Keywords: Glucocorticoids, clobetasol, mast cell, weal, flare, skin, histamine, human

Introduction

While a beneficial role for glucocorticoids in inhibiting the late phase of the allergic response and in reducing allergic inflammation is well established, their possible benefits in the mast cell-mediated early phase of the allergic response is less clear. In urticaria, for example, they are poorly effective when given acutely but may afford benefit when used for more prolonged periods. However, when considering the use of glucocorticoids for prolonged periods, clinicians have to balance the benefits of therapy against the potential long-term detrimental effects on the skin, which include thinning and a reduction of cutaneous immune defences.

There are three possible mechanisms by which glucocorticoids may lead to a suppression of the mast cell-dependent weal and flare response in the skin. The first is an inhibitory action on mast cell mediator release, the second an effect on mast cell recruitment and maturation, and the third a reduction of the responsiveness of the vasculature to mast cell mediators.

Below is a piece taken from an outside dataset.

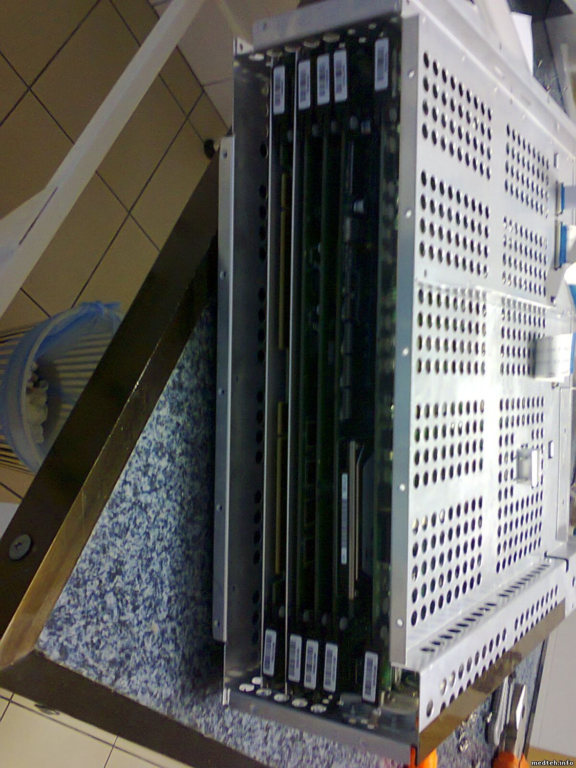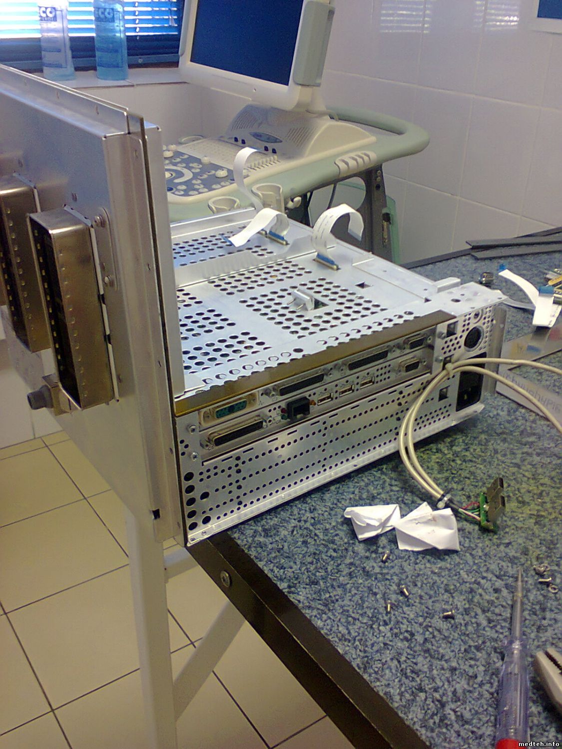 В разборе MyLab 40 Vet действительно нужно приложить усилия! Все как обычно, снимаете панели боковые, вентиляторы, берете в руки шестигранник "4ку" что бы снять заднюю решеточную панель. Далее шестигранник "5ка" что бы достать основной блок!(предварительно отсоединив датчики) Блок перед вашим взором! Начинайте выкручивать пластиковые дорожки которые находятся снизу блока. Далее выкручивается все до не могу, кроме передней панели с датчиками...ее напоследок. Выкручивая usb порты столкнетесь с тем что болты и задница(гайки) отъемлемые части! Старайтесь их не упустить потому как весь корпус решеточный(было такое при сборе пришлось перебирать да бы достать гайку которая закотилась к системным платам). Далее снимается привод, верх боковинки, задница(выкрутив штифты разъемов) В принципе все, остается перед вами сам корпус системника с передней панелей датчиков(и еще на корпусе плата с портами) ее отсоединяем предварительно разъединив шлейфы и еще там обнаружите под ней два болта!(их полностью выкручивать не нужно - они только зажимают!) Фото некоторые есть но будет продолжение!!! И так, передняя панель датчиков, выкрутить придется не мало но нужно! Выкрутив все, когда она будет погуливать не бойтесь размыкать ее по краям(довольно плотно сидит в портах) После снятия передней панели вы увидите 6 плат которые сидят в разъемах внутри. Верхняя это видео, вторая это собственно мать с процом, винтом и батарейкой!(если аппарат взяли на чистку не бойтесь забыть последовательность!! перед вашим взором есть фитинги с помощью которых вы достаете эти платы и на этих фитингах отображены с лева серийные номера а с права номера плат, НО если левые фитинги посмотреть с обратной стороны то вы будете видеть конкретно куда плату совать!!!! а когда вы взглянете внутрь там возле разъемов будет подпись куда что и как!) Вытаскивать материнку и видеокарту придется предварительно отсоединив правый бок с портами(отключить все)!! В принципе аппарат разобран!(задницу мы не трогали потому как смысл?) Сделав необходимые моменты далее идет сбор! Вот тут я столкнулся с одной проблемой(по мимо того что болтик один остался лишним - на удивление думал будет больше) Первый раз, вставив все платы я только затем вставлял переднюю панель - итог(При запуске аппарат дал ошибку что системная плата отсутствует или повреждена) При повторном разборе я выбрал другой путь, я поступил иначе, изначально две нижние платы я подсоединил к передней панеле с датчиками и только затем я вставлял их в корпус(да сложно но наверняка!) Когда они заехали до упора тут мы включаем режим "Геракла" - сзади и спереди давим!!! Сзади все безопасно а спереди не бойтесь давить ладошкой на реле(вынесли напряжение мышц))))) Когда убедитесь что все вроде норм можно посмотреть по бокам вхождение плат в отверстиях корпуса!!! Далее все собирается в обратном порядке ТОЛЬКО НЕ ЗАБЫВАЯ ОБ USB ПОРТАХ(а именно их гайках!!!)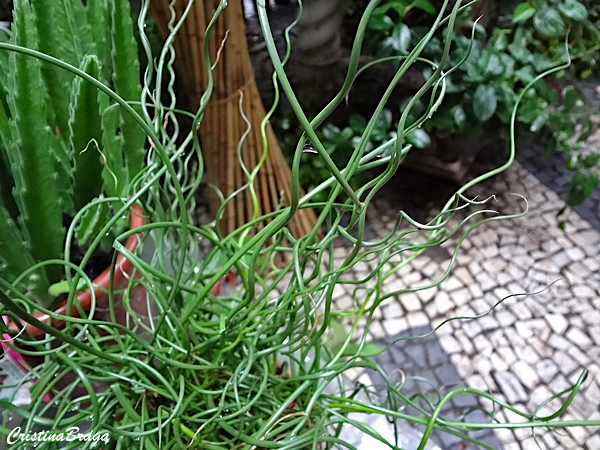 As hastes tem coloração verde-clara e crescem em forma de espiral e em várias direções, tanto horizontais como verticais.

An inhibition of mediator release from mast cells is unlikely. In vitro studies have demonstrated that incubation for 24 h with the potent synthetic glucocorticoid, dexamethasone, does not inhibit mediator release from human mast cells derived from the lung, intestine or skin (Cohan et al., 1989; Schleimer et al., 1983). Also in vivo, administration of glucocorticoids for periods of 48 h or less fails to reduce the magnitude of early phase allergic responses, indicating that mast cell degranulation is not inhibited (Atkins et al., 1990; Booij Noord et al., 1971; Dunsky et al., 1979; Slott & Zweiman, 1974).

That administration of glucocorticoids for periods in excess of a week reduces the size of weal and flare responses provoked in the skin by allergen or codeine, led to the suggestion that the recruitment and maturation of mast cells within tissues is inhibited by steroids (Olson et al., 1990; Pipkorn et al., 1989). Direct evidence in support of this suggestion was then obtained from biopsy studies in which both mast cell numbers and tissue histamine levels were shown to decrease from week 3 onwards of treatment of the skin with glucocorticoids (Lavker & Schechter, 1985; Pipkorn et al., 1989). This was confirmed by a study using electron microscopy in which Lavker & Schechter (1985) described the mast cells in steroid treated skin as ‘degenerating' and ‘dying'. This observed effect is most likely to be due to a combination of a reduction of mast cell recruitment to the tissue and an increased rate of apoptosis of the mast cells already present.

Although the ability of glucocorticoids to induce vasoconstriction in the skin (the blanching effect) is well established, evidence that they modify the responsiveness of the vasculature to the effects of mast cell mediators is equivocal, some workers reporting an inhibition of histamine-induced effects (Andersson & Pipkorn, 1987; Olson et al., 1990; Perretti & Ahluwalia, 2000; Singh & Singh, 1986; Stahle & Hägermark, 1984) whilst others reported no effect (Goldsmith et al., 1996; Lopez-Campos et al., 1998; Slott & Zweiman, 1974).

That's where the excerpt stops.